Whenever I have to survive something in my life, be it a boring day at a mindless job or a brutal midwestern winter, I tend to cinema-tize the experience. I art-direct my challenges visually or dramatize them emotionally in order to enjoy what otherwise seems unenjoyable.
Surviving the recession this winter was quickly becoming a flat and un-fun affair, so I decided to heighten the experience into something atmospheric and ultimately enriching. I romanticized an escape from the material wants and worries of our current times by revisiting the old-school sources of a man’s wealth: family, friends, and family-friendly games.

I endeavored to have my mother re-teach my Pinochle over the Christmas holiday. As a daughter of German immigrants growing up in post-war Detroit, it was an important part of my mother’s childhood and heritage. “We Germans take our Pinochle very seriously,” she said, as she led my family through the ins and outs of the game at my sister’s kitchen table. “When in doubt, play a Queen,” she instructed.
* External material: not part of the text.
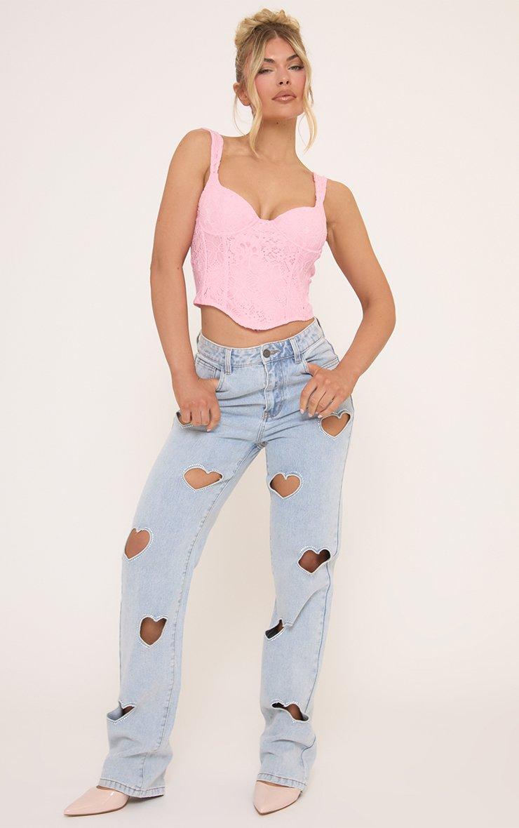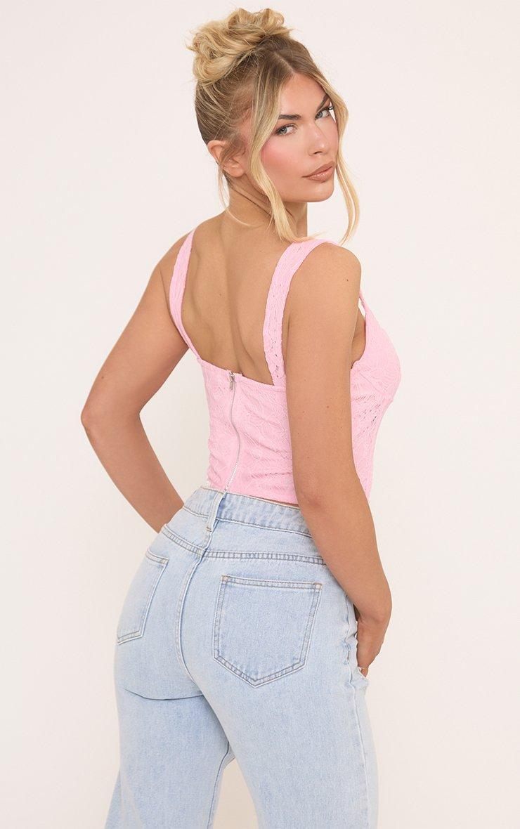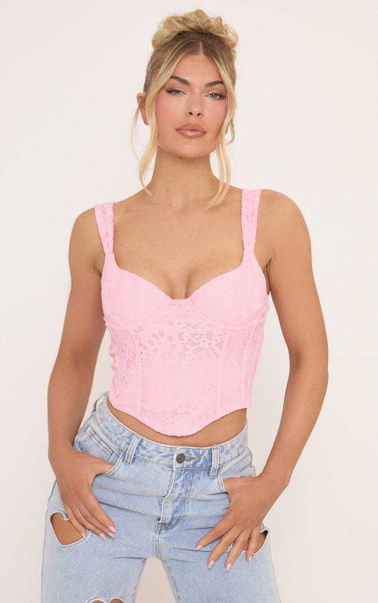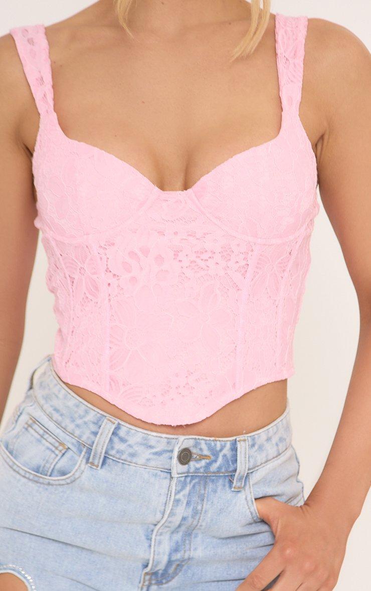 Sweetheart Neck Longline Corset Top In Pink Lace
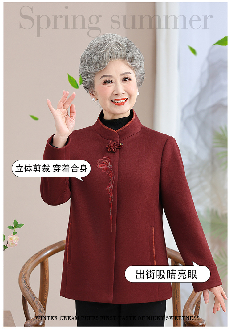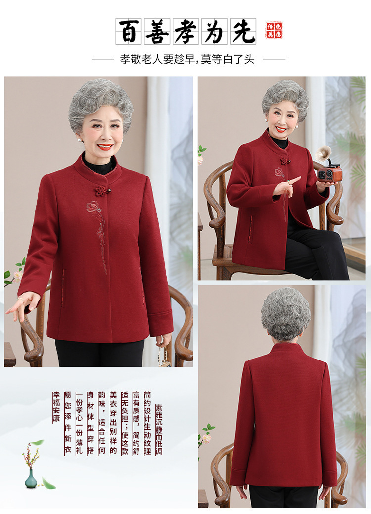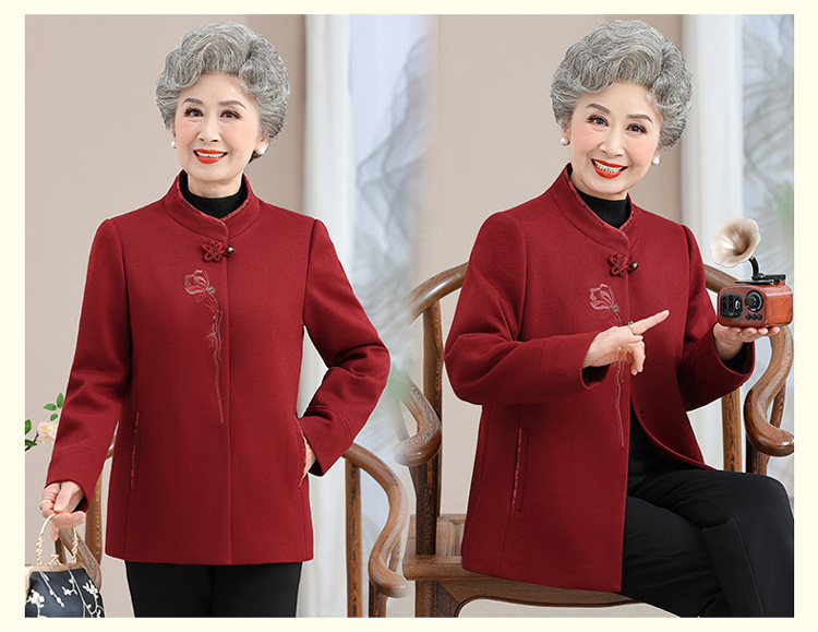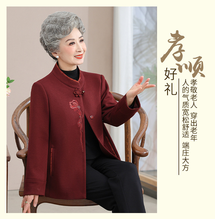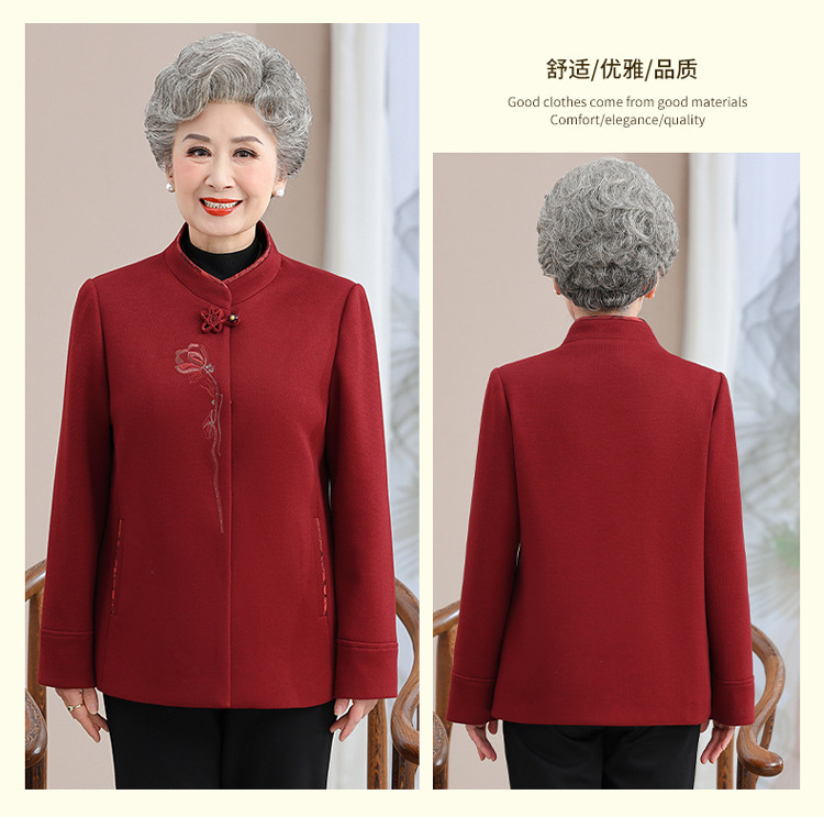 お年寄りのダウンジャケットの女性の短いタイプの本命年のお母さんの冬服の綿入れの上着の老人の唐服のおばあさんの冬の綿入れの上着

Gaining this knowledge from my mother was only half of my recession-fueled master plan. The other half was inviting friends I should’ve spent more time with these past years into my house for a self-made supper and Pinochle lessons from a newly-minted master: Myself.

Watching my friend Matt mumble to himself, “When in doubt, play a Queen,” just as my grandpa had taught my mother, and she had re-taught me, and I had now taught my sorely missed friends…well, it was just the kind of cozy, connecting scene I had set out to direct and delight in amidst this economic hassle everyone’s hoping to survive.